Already found it. I also had to install rmr (version 1): R CMD INSTALL rmr_1.3.1.tar.gz /usr/lib/R/site-library

Issue can be closed!

piccolbo commented 11 years ago

In 25 year of working with software I have never encountered one case where installing two versions on top of each other was required or a solution to anything. In the case of rmr we tried to make it an option to help people transitioning their code but certainly it is not required. I am at a loss as to what is trying to load the old package in your case but if I were you I would immediately uninstall rmr 1.3.1 and try to figure out the root cause and I am here to help you. Also, this is a forum for people to report issues from silly to important, but we need to keep in mind that we are also forming a knowledge base for a community to rely upon. Let's try not to make general statements when we can not defend them in the long run.

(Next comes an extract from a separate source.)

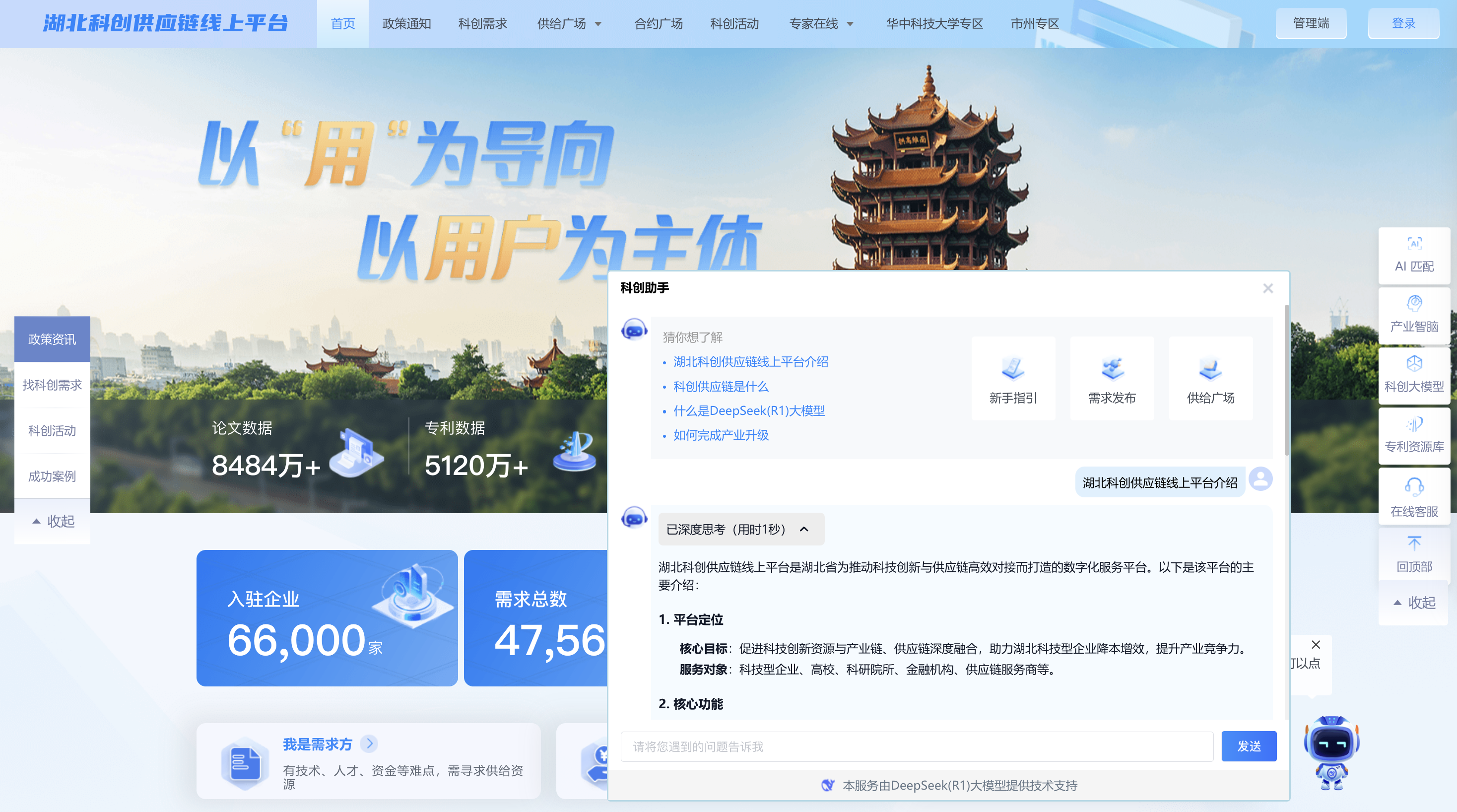 通过湖北科创供应链平台首页科创助手,用户可体验更智能化、个性化的服务,交互式问答效率与用户体验显著提升。

On Thu, Oct 25, 2012 at 7:07 AM, Piethein Strengholt < notifications@github.com> wrote:

Already found it. I also had to install rmr (version 1): R CMD INSTALL rmr_1.3.1.tar.gz /usr/lib/R/site-library

Issue can be closed!

— Reply to this email directly or view it on GitHubhttps://github.com/RevolutionAnalytics/RHadoop/issues/149#issuecomment-9778752.

KRISHC2010 commented 11 years ago

I AM GETTING ERROR IN MR(MAP= MAP , REDUCE = REDUCE, COMBINE = COMBINE, VECTORIZED.REDUCE hadoop streaming failed with error code 1 error in to.dfs.path(input) : object 'calc' not found This is the error i am getting i am not able to resolve i have set environment variable hadoop streaming and i have loaded all the packages please help me to resolve my issue please respond to my request

jackyim commented 8 years ago

Hi, I'm getting this error too. Any solution for these? URGENT

Streaming Command Failed! Show Traceback

Rerun with Debug Error in mr(map = map, reduce = reduce, combine = combine, vectorized.reduce, : hadoop streaming failed with error code 1

krish588 commented 7 years ago

I have encountered the same did u get any answer